To avoid having to add event handling logic in the generator, I decided to implement a customized event class that uses the thread id of the caller to automatically create and manage a separate event for each client thread. This is somewhat complex, to be honest, but the idea came from how Flask's context local variables are implemented. The new event class is called CameraEvent, and has wait(), set(), and clear() methods. With the support of this class, the rate control mechanism can be added to the BaseCamera class:

class CameraEvent(object):
    # ...

class BaseCamera(object):
    # ...
    event = CameraEvent()

    # ...

    def get_frame(self):
        """Return the current camera frame."""
        BaseCamera.last_access = time.time()

        # wait for a signal from the camera thread
        BaseCamera.event.wait()
        BaseCamera.event.clear()

        return BaseCamera.frame

    @classmethod
    def _thread(cls):
        # ...
        for frame in frames_iterator:
            BaseCamera.frame = frame
            BaseCamera.event.set()  # send signal to clients

            # ...

The magic that is done in the CameraEvent class enables multiple clients to be able to wait individually for a new frame. The wait() method uses the current thread id to allocate an individual event object for each client and wait on it. The clear() method will reset the event associated with the caller's thread id, so that each generator thread can run at its own speed. The set() method called by the camera thread sends a signal to the event objects allocated for all clients, and will also remove any events that aren't being serviced by their owners, because that means that the clients associated with those events have closed the connection and are gone. You can see the implementation of the CameraEvent class in the GitHub repository.

To give you an idea of the magnitude of the performance improvement, consider that the emulated camera driver consumed about 96% CPU before this change because it was constantly sending duplicate frames at a rate much higher than the one frame per second being produced. After these changes, the same stream consumes about 3% CPU. In both cases there was a single client viewing the stream. The OpenCV driver went from about 45% CPU down to 12% for a single client, with each new client adding about 3%.

Production Web Server

Lastly, I think if you plan to use this server for real, you should use a more robust web server than the one that comes with Flask. A very good choice is to use Gunicorn:

$ pip install gunicorn

With Gunicorn, you can run the server as follows (remember to set the CAMERA environment variable to the selected camera driver first):

$ gunicorn --threads 5 --workers 1 --bind 0.0.0.0:5000 app:app

The --threads 5 option tells Gunicorn to handle at most five concurrent requests. That means that with this number you can get up to five clients to watch the stream simultaneously. The --workers 1 options limits the server to a single process. This is required because only one process can connect to a camera to capture frames.

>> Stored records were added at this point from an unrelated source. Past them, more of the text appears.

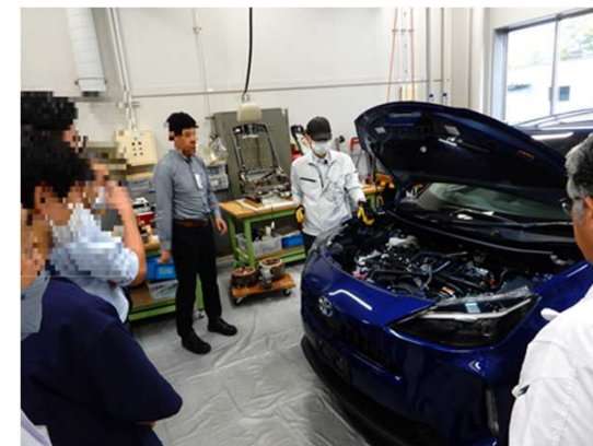
自動車部品機能・構造研修事業 (R5年度 講座3: 電動車基礎編)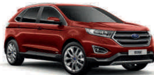
Bronze Fire † Metalik* (T) (S)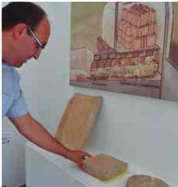
Ladrillos y teja originales de la época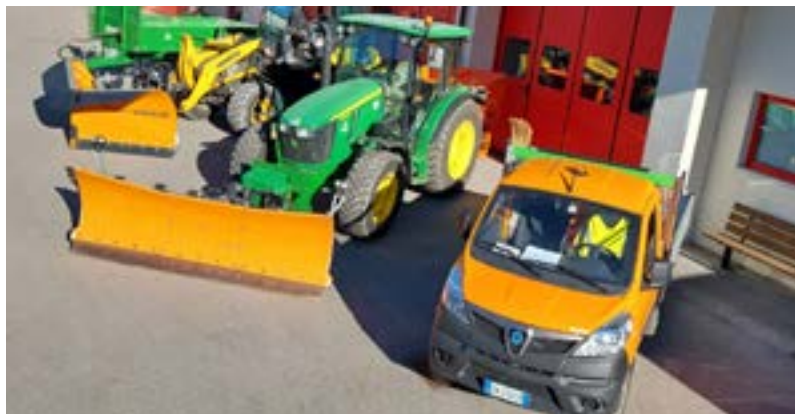
NUOVO PARCO MEZZI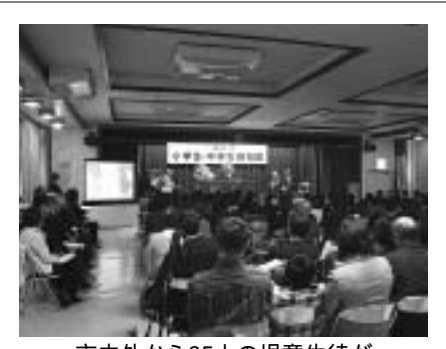
市内外から35人の児童生徒が参加した表彰式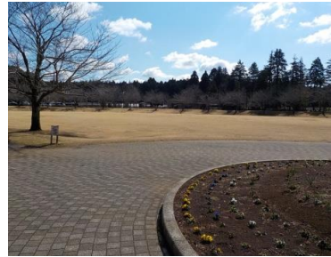
施設内広場等の状況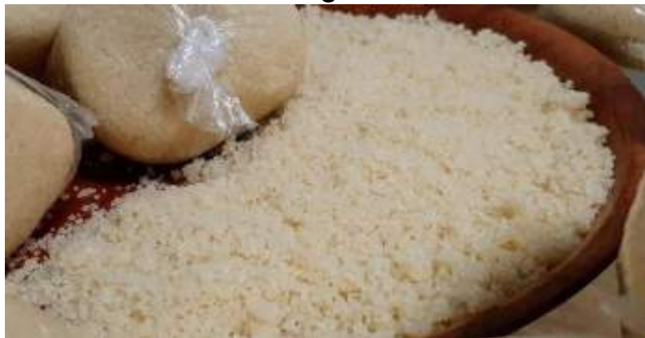
Attiéké de Côte d'Ivoire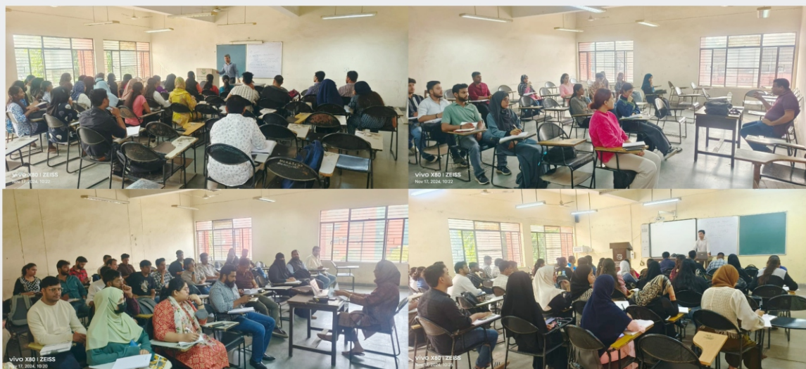
Offline classes were conducted at various leaning support centres (LSCs) of CDOE, JMI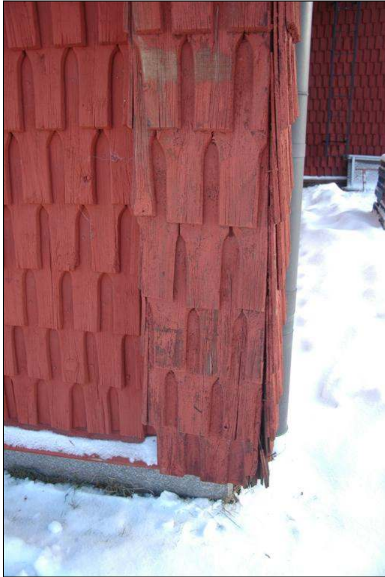
Knutlåda före åtgärd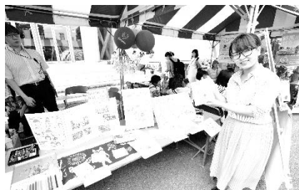
団体紹介ブース(2019 秋葉台会場)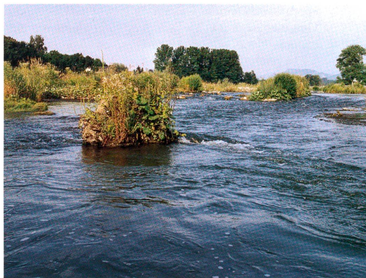
schnell fliessendem Wasser ...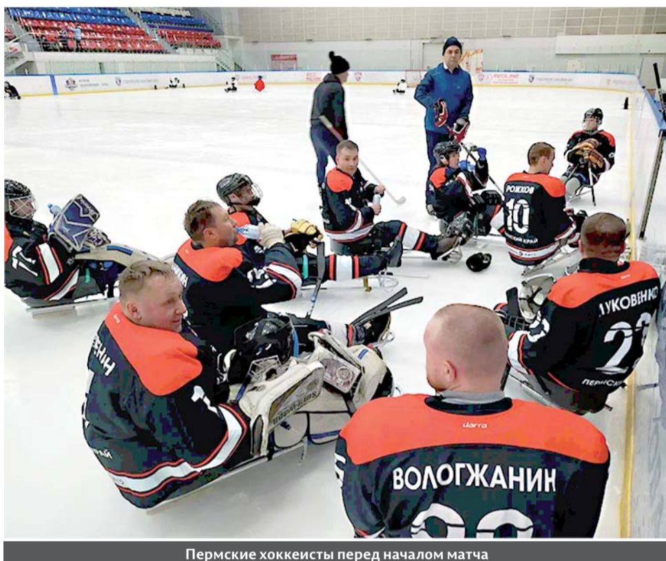
Пермские хоккеисты перед началом матча

Заключительным событием первого транша стал товарищеский матч: с одной из сильнейших на сегодняшний день команд «Удмуртия» мужественно сразилась команда Пермского края – «Урал». Соревнование состоялось в конце дека-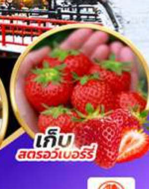
เก็บ สดรอว์เบอร์รี่

เที่ยวโทโฮคุ ตะลุยดินแดนปีศาจหิมะ นั่งกระเช้าชม SNOW MONSTER เต็มอิ่มกับกิจกรรมเก็บผลไม้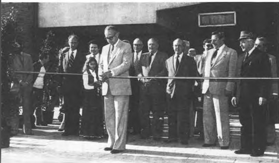
Un coup de ciseaux : le courant passe. Le triangle de la paix : paysage remodelé.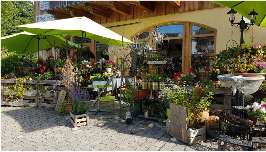
Backen & Blumen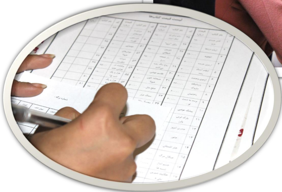
برگزاری نمایشگاه کتاب

You can increase the number of threads some, but if you find that you need a large number, it will probably be more efficient to use an asynchronous framework instead of threads. Gunicorn can be configured to work with the two frameworks that are compatible with Flask: gevent and eventlet. To make the video streaming server work with these frameworks, there is one small addition to the camera background thread:

class BaseCamera(object):
    # ...
   @classmethod
    def _thread(cls):
        # ...
        for frame in frames_iterator:
            BaseCamera.frame = frame
            BaseCamera.event.set()  # send signal to clients
            time.sleep(0)
            # ...

The only change here is the addition of a sleep(0) in the camera capture loop. This is required for both eventlet and gevent, because they use cooperative multitasking. The way these frameworks achieve concurrency is by having each task release the CPU either by calling a function that does network I/O or explicitly. Since there is no I/O here, the sleep call is what achieves the CPU release.

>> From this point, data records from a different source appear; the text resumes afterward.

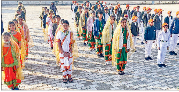
नारनौल। सांस्कृतिक कार्यक्रम प्रस्तुत करने वाले बच्चे।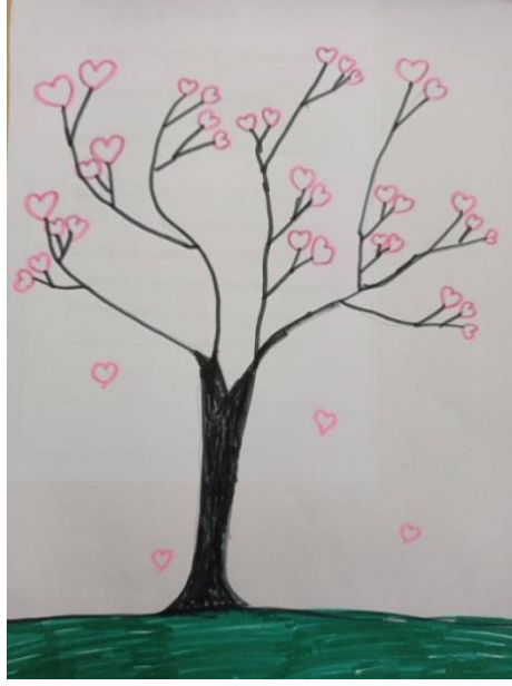
Resim 3. Zehra'nın resmi "Sevgi"

Resim 3 incelendiğinde Zehra gösterge türünden görüntüsel gösterge ve simgeyi kullanmıştır. Zehra çizdiği resim için düşüncesini " Sevgi benim için bir ağacı simgelediği için böyle bir ağaç çalışması yaptım. " şeklinde ifade etmiştir. Resim incelendiğinde görüntüsel gösterge olarak ağaç görülmektedir. Simge olarak ise sevgiyi işaret eden kalpler bulunmaktadır.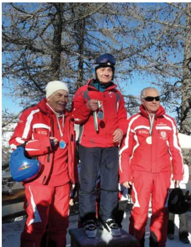
2014 SUL PODIO GIOVANNI MATERAZZI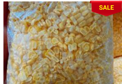
Bắp ngọt bào sẵn túi 500g Phù hợp nấu súp, chè...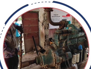
سقيا الماء وصيانة مياه مشروع شرقي شمير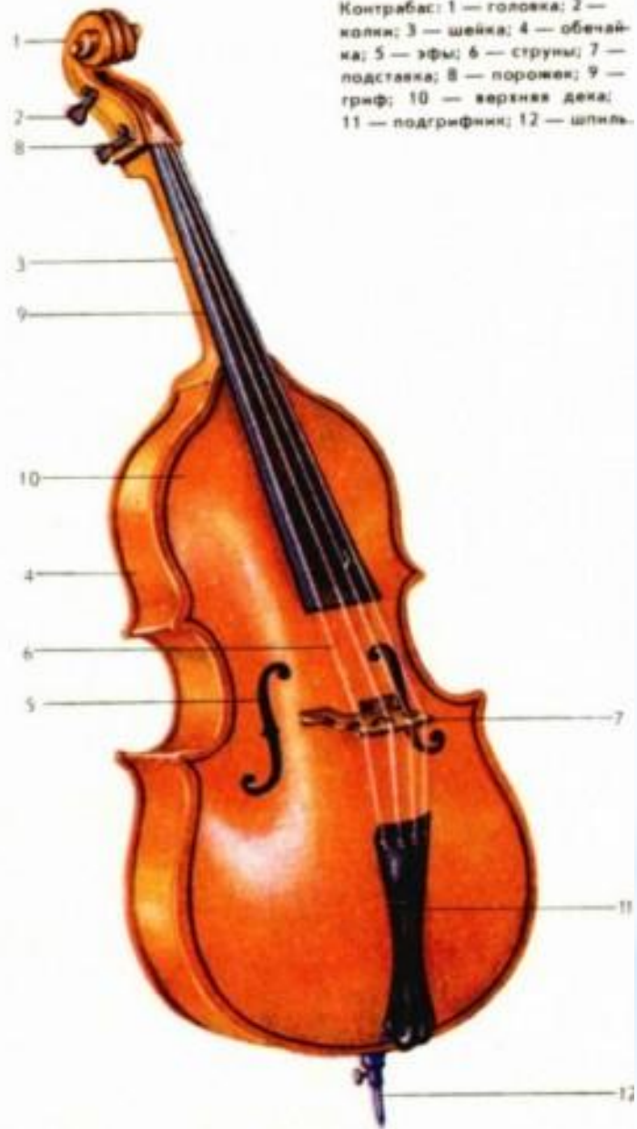
Контрабас: 1 — головка; 2 — колки; 3 — шейка; 4 — обечай- ка; 5 — эфы; 6 — струны; 7 — подставка; 8 — порожек; 9 — гриф; 10 — верхняя дека; 11 — подгрифник; 12 — шпиль.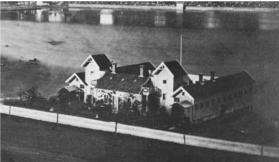
Fig. 19) Bonges Badehus ved østenden av Store Lungegårdsvann. Bygget 1863.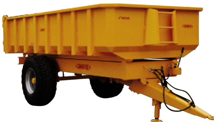
RB 10 MTP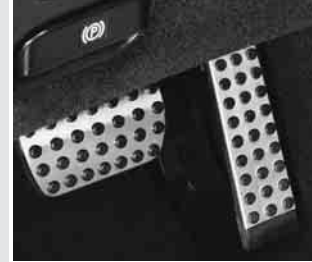
▲ Sportpedalerie in Aluoptik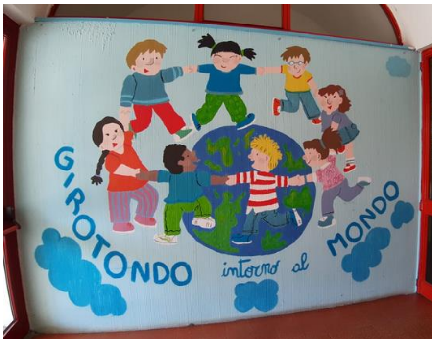
Slika 4 Ulaz u DV Scuola dell' infanzia Girotondo

Za razliku od DV Kalimero, dječji vrtić Scuola dell' infanzia Girotondo je talijanski vrtić u Umagu u kojem se cijeli program provodi na talijanskom jeziku i pismu ( https://www.girotondo-umag.hr/ ) (Slika 4).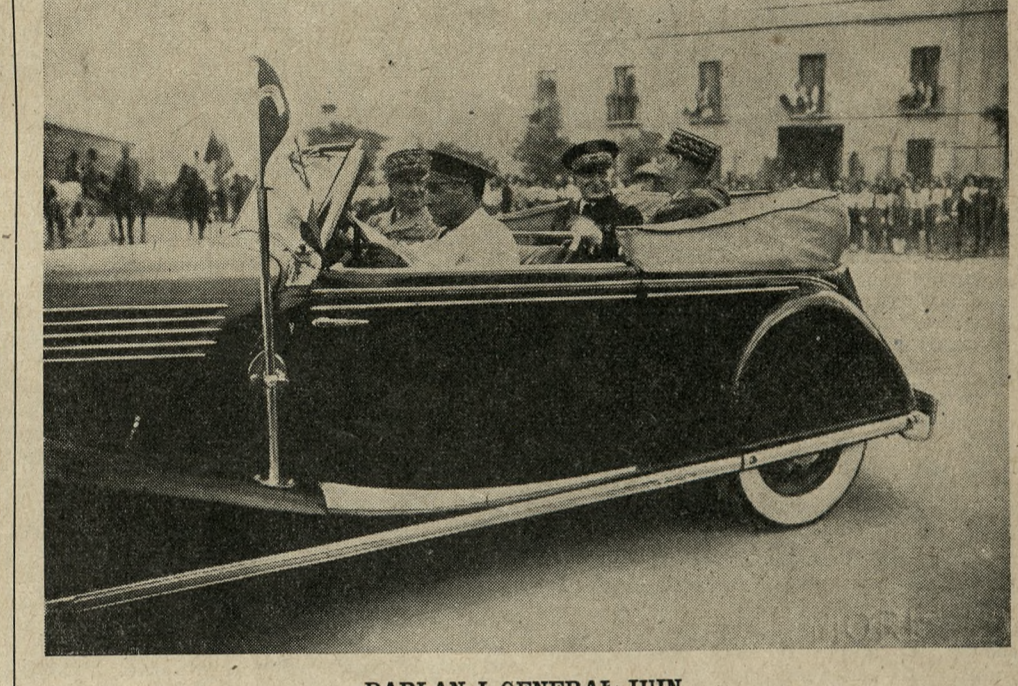
DARLAN I GENERAL JUN

enie Lavalą z rządu odbije się na stosunkach francusko-niemieckich w sposób decydujący. W Vichy po zamykaniu napięcia było ogromne, gdyż nie było wiadomo, jaka będzie reakcja Hitlera, czy trzeba będzie niecałkowicie odstąpić od niemieckiego obozu koncentracyjnego, czy utrzymać Lavalą w rękach. Zaczęła się już panika. Dopiero światełko nadziei zgasło z Hitlerem w okresie świąt Bożego Narodzenia sytuacja się wyjaśniła. Kryzys zakończył się dymisją dwóch

Now you can run Gunicorn with the gevent or eventlet workers as follows:

$ CAMERA=opencv gunicorn --worker-class gevent --workers 1 --bind 0.0.0.0:5000 app:app

Here the --worker-class gevent option configures Gunicorn to use the gevent framework (you must install it with pip install gevent). If you prefer, --worker-class eventlet is also available. The --workers 1 limits to a single process as above. The eventlet and gevent workers in Gunicorn allocate a thousand concurrent clients by default, so that should be much more than what a server of this kind is able to support anyway.

Conclusion

All the changes described above are incorporated in the GitHub repository. I hope you get a better experience with these improvements.

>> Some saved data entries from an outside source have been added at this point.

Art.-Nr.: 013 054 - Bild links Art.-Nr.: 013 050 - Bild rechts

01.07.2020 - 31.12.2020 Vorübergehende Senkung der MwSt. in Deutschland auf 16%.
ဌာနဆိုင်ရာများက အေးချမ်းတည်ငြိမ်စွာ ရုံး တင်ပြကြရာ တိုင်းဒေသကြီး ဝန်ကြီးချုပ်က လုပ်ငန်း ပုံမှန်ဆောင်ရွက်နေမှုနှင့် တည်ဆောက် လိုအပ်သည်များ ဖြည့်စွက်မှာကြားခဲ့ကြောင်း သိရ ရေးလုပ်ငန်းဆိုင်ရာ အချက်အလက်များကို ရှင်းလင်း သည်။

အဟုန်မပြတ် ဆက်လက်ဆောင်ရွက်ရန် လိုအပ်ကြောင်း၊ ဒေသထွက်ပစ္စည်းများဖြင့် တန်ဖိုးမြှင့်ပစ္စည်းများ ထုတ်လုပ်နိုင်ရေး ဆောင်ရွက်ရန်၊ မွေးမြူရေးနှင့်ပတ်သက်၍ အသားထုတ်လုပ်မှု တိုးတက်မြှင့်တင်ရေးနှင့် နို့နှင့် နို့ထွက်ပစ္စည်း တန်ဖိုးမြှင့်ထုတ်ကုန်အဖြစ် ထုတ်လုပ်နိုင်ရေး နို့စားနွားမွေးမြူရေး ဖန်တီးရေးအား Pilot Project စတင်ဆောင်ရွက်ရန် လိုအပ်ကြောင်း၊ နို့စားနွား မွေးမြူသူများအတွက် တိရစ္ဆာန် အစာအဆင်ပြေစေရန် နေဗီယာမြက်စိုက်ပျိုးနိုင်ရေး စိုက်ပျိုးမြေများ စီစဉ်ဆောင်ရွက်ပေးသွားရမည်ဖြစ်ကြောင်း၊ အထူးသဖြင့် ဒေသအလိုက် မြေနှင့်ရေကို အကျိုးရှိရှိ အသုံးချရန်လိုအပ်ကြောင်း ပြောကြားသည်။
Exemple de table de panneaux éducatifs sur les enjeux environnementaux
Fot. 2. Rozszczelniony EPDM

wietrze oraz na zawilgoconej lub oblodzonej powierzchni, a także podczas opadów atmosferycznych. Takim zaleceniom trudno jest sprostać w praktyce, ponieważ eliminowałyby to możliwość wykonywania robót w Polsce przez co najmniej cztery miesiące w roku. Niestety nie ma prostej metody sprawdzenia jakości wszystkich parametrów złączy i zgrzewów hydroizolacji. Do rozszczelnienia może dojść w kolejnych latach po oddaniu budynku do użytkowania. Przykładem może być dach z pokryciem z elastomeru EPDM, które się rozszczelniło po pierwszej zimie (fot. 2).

Before concluding, I want to provide quick answers to other questions I have received about this server:

How to force the server to run at a fixed frame rate? Configure your camera to deliver frames at that rate, then sleep enough time during each iteration of the camera capture loop to also run at that rate.
How to increase the frame rate? The server as described here delivers frames as fast as possible. If you need better frame rates, you can try configuring your camera for a smaller frame size.
How to add sound? That's really difficult. The Motion JPEG format does not support audio. You are going to need to stream the audio separately, and then add an audio player to the HTML page. Even if you manage to do all this, synchronization between audio and video is not going to be very accurate.
How to save the stream to disk on the server? Just save the sequence of JPEG files in the camera thread. For this you may want to remove the automatic mechanism that ends the background thread when there are no viewers.
How to add playback controls to the video player? Motion JPEG was not made for interactive operation by the user, but if you are set on doing this, with a little bit of trickery it may be possible to implement playback controls. If the server saves all jpeg images, then a pause can be implemented by having the server deliver the same frame over and over. When the user resumes playback, the server will have to deliver "old" images that are loaded from disk, since now the user would be in DVR mode instead of watching the stream live. This could be a very interesting project!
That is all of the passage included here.